Benefits of counselling.

Let us start with the obvious benefit of having a trained counsellor devote their entire focus on you and only you. This does not happen when you go to a friend. They might come up with an “It happened to me too!” story of their own thereby diverting attention away from you when you most need it. A counsellor is there for you and you only. Nobody else.

A friends’ understanding may have subjectivity, where as you need objective acknowledgement of your emotional hardship. When emotions are involved, clear thinking is the last thing that happens. Empowering you with knowledge on how to gain the skill of objective thinking is what a counsellor would do.

They will help you learn how to come up with a plan of action that best suits you and the situation. This will build up your self-confidence and self-esteem. You learn how to take control of your own life and how to better communicate your needs to others. You also learn how to set realistic goals and to achieve them.

Another benefit of counselling is nonjudgmental acceptance. As a neutral person, a counsellor offers the comfort of confidentiality. Their credibility depends on it. They understand that what they say has a lot of weight in your life. In many cases, they have a responsibility of a life on their hands. This is a huge responsibility and cannot be taken lightly.

A counsellor will help you have a different perspective by exploring different options that you may have. Others might be so emotionally attached to you that they are not able to help you objectively.

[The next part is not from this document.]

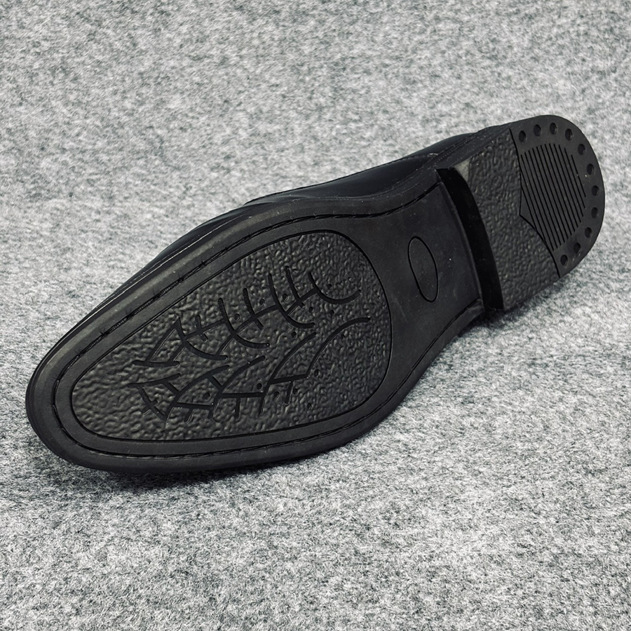 Điểm nổi bật của mẫu giày nằm ở chất liệu da tổng hợp bóng mịn, giúp tăng tính thẩm mỹ và dễ dàng vệ sinh. Form giày ôm gọn bàn chân, kết hợp với đường may thủ công sắc sảo tại mũi giày và thân trên, tạo nên tổng thể chỉnh chu, mạnh mẽ. Phần mũi giày bo tròn nhẹ giúp tạo cảm giác cân đối khi di chuyển và phù hợp với nhiều dáng chân khác nhau.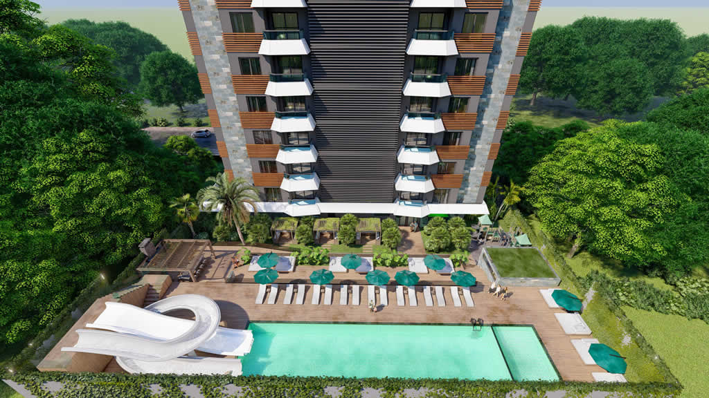 Wenn Sie eine günstige Immobilie in der Türkei kaufen möchten, präsentieren wir Ihnen möblierte Apartments mit einer Aufteilung von 1 + 1, 2 + 1 und 3 + 1 mit einer Fläche von 53 m2 in einem neuen Wohnkomplex (Next-LCD). mit der Infrastruktur eines Fünf-Sterne-Hotels. Dies bedeutet, dass in der gemeinsamen Nutzung der Bewohner des Hauses ein Außenpool mit Wasserrutschen, ein Wasserpark, ein Kinderbecken, ein beheizter Innenpool, eine Sauna, ein römisches Dampfbad, ein Erholungsbereich und ein Grill vorhanden sind , ein Spielplatz, ein elektrischer Generator, Videoüberwachung und 24/7 Sicherheit.

Through the journey you take with your counsellor, you will be empowered in the long run, so you don’t  have to run to someone every time you are faced with a situation.

Reasons a counsellor is better than a friend.

There are many differences between what a professional counsellor can offer you and what a friend can offer you. Let us look at some of the main points.

A friend, by definition, is not objective like a professional. They may or may not know the person you are having the issue with but they will always have an emotional attachment to you. This makes them subjective whereas a professional is trained to stay completely objective to help you.

There is no guarantee that your friendship is going to last forever. After confiding in a person, if they break ties with you, there is always that fear of them using that information against you in some way. A professional will never do that or risk losing their credibility.

How confident are you that this friend will not go and tell someone what you have told them? A professional is, again by default, held to a confidentiality agreement that protects you against this.

How comfortable are you opening up to this friend without fear of being judged is another point to consider. When you meet your friend, you don’t stop to consider what they might think of you. You use them as a shoulder to cry on and pour out your frustrations. It is only later that the guilt sets in about what they think of you or what you have confided in them. A professional is, by default, nonjudgmental.

A friend may or may not know about any childhood trauma that might be a trigger for what you are going through right now. They are not trained to spot the signs. A professional not only has the knowledge but has the skill set needed to steer you to the path that will help you realize the issue and deal with it accordingly.

A friend will give suggestions that may or may not work. A professional will help you realize a plan of action from you that would suit you the best. As you plan, since you know the person you are dealing with, you will be able to better judge what would work with that person.

All in all, having a professional counsel you as opposed to a friend is always the better road to take.